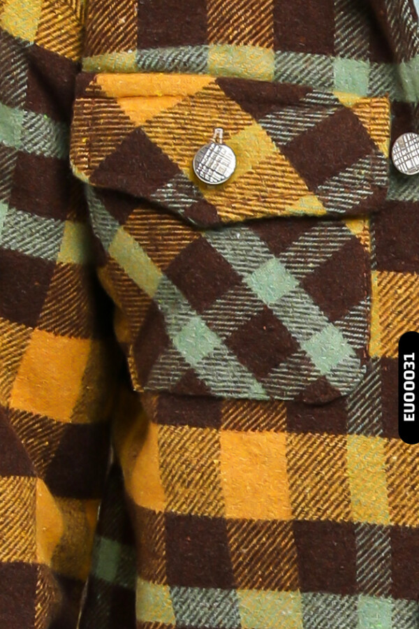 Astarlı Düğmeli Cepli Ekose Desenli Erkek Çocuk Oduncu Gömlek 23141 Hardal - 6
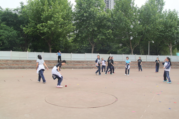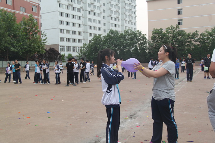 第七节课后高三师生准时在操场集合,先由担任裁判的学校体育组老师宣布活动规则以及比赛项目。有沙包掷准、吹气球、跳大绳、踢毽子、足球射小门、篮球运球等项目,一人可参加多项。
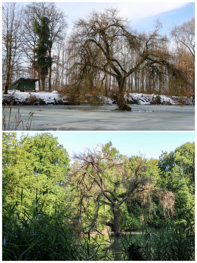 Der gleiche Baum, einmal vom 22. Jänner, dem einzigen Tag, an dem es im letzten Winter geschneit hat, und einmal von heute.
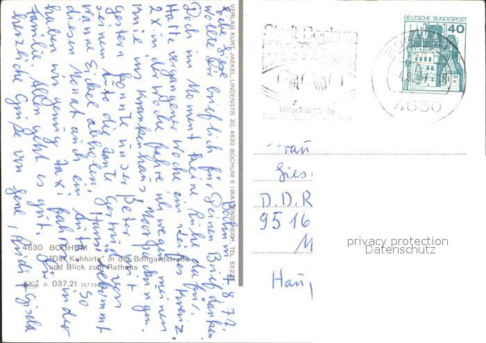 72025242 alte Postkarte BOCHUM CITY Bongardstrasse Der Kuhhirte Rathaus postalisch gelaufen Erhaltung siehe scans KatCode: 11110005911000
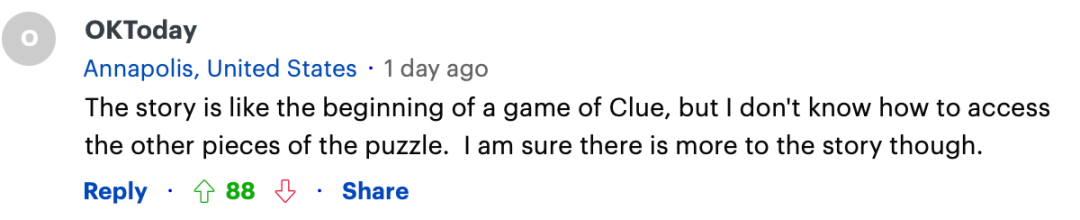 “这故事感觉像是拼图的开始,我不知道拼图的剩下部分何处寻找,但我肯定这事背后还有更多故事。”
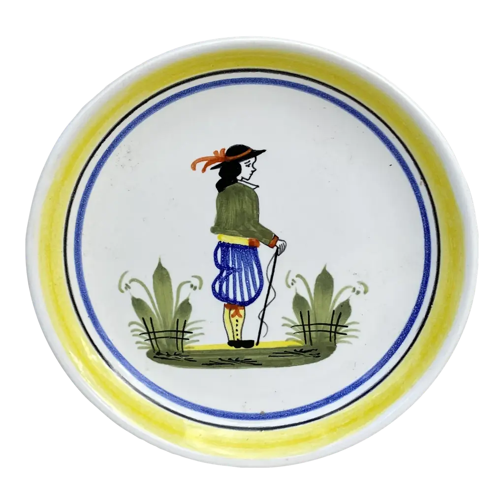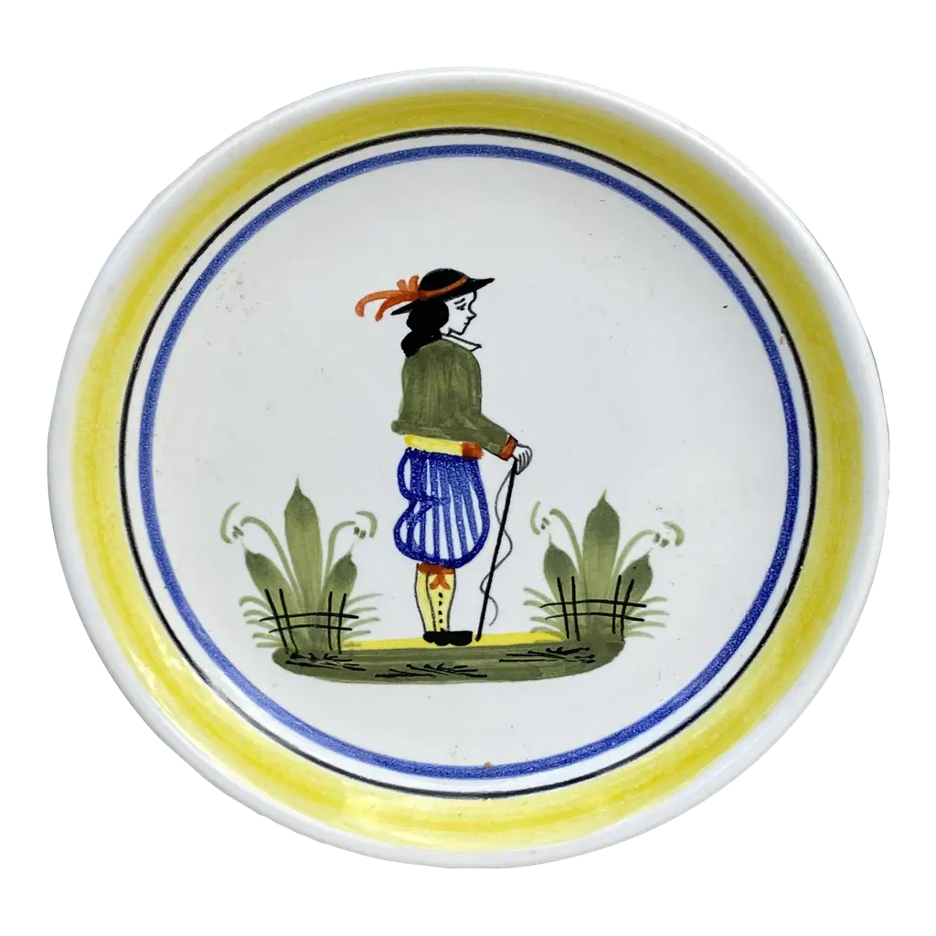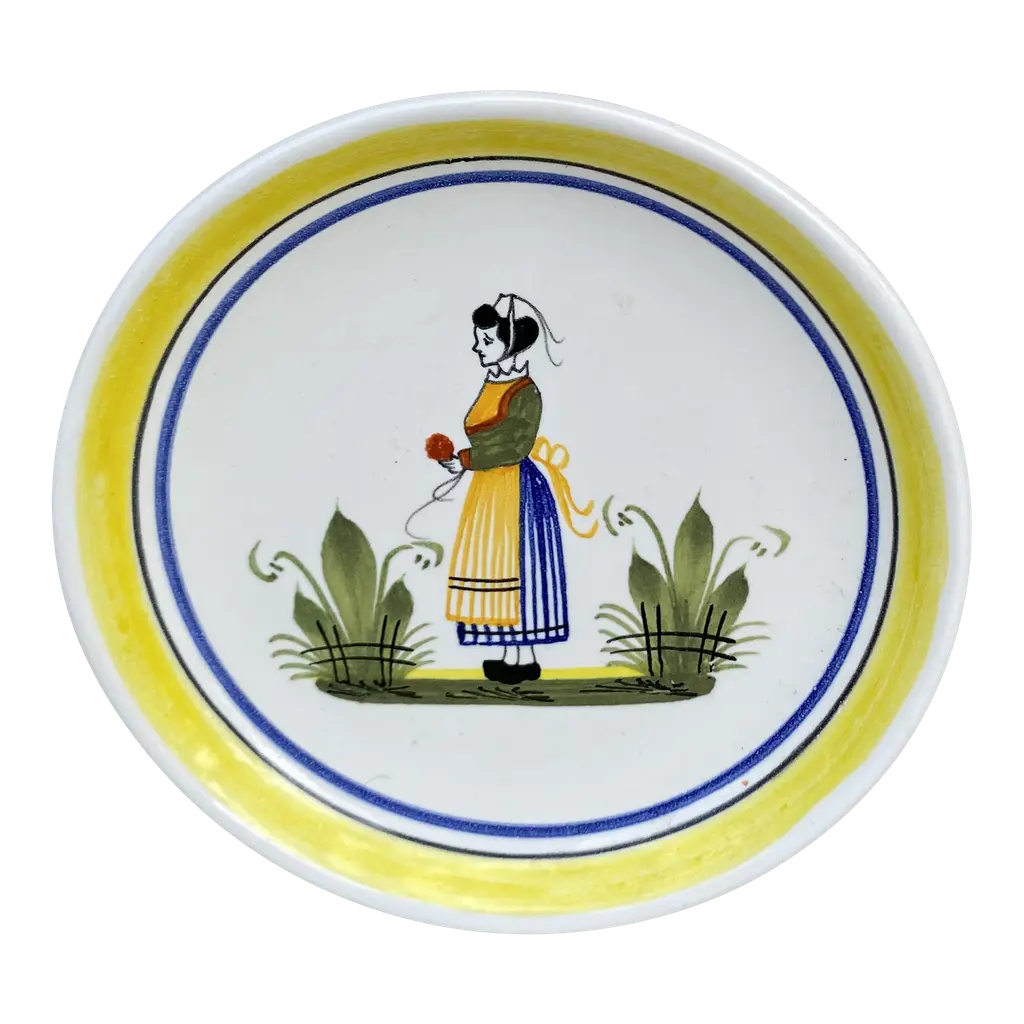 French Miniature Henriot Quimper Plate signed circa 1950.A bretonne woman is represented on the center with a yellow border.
═══
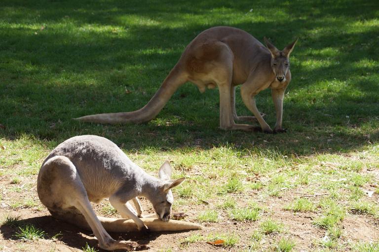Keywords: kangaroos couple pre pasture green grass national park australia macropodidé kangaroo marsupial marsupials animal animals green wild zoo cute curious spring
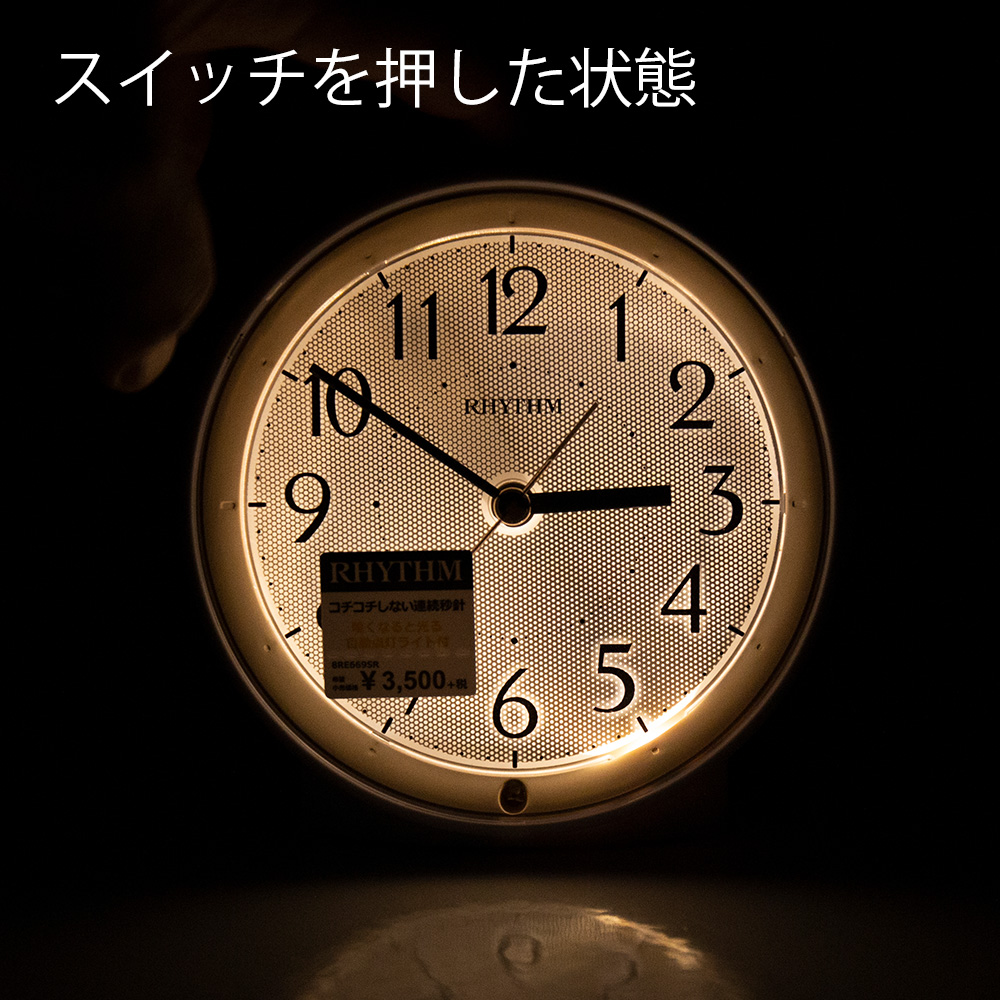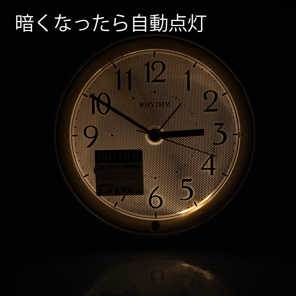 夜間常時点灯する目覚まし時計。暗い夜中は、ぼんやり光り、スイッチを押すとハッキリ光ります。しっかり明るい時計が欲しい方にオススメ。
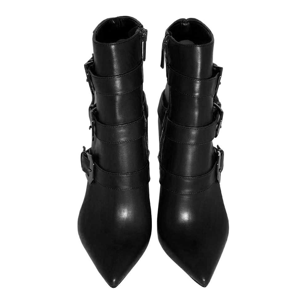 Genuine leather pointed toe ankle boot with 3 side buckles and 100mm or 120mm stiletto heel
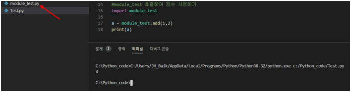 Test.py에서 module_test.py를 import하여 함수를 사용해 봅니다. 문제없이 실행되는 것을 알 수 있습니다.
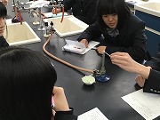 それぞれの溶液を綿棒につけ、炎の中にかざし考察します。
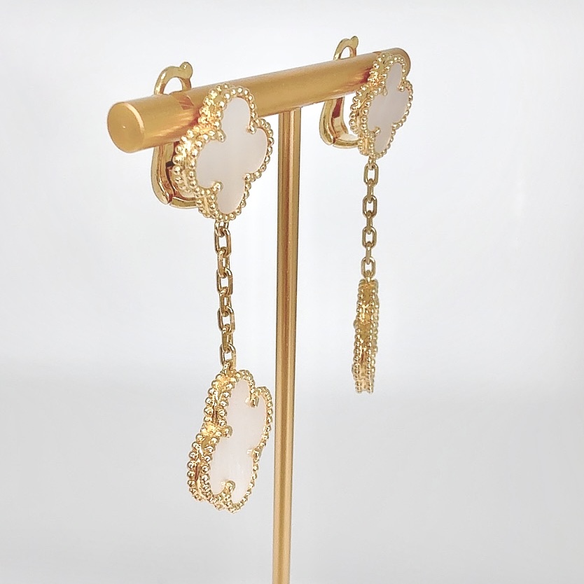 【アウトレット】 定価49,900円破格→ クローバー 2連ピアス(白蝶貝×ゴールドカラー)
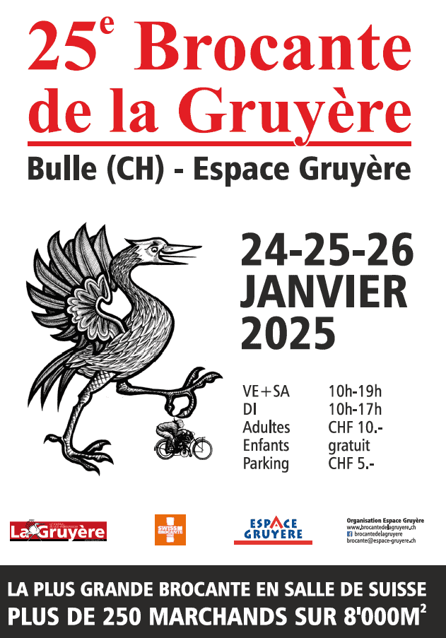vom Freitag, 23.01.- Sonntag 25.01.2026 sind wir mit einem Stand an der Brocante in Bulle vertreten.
═══
INSTRUCTIONS TO FOLLOW:
From the records above, transcribe exactly the lines starting at the one containing "Test.py에서 module_test.py를 import하여" and ending at the one containing "vom Freitag, 23.01.- Sonntag". Skip the pictures.

RESPONSE TO THIS TASK:
 Test.py에서 module_test.py를 import하여 함수를 사용해 봅니다. 문제없이 실행되는 것을 알 수 있습니다.
 それぞれの溶液を綿棒につけ、炎の中にかざし考察します。
 【アウトレット】 定価49,900円破格→ クローバー 2連ピアス(白蝶貝×ゴールドカラー)
vom Freitag, 23.01.- Sonntag 25.01.2026 sind wir mit einem Stand an der Brocante in Bulle vertreten.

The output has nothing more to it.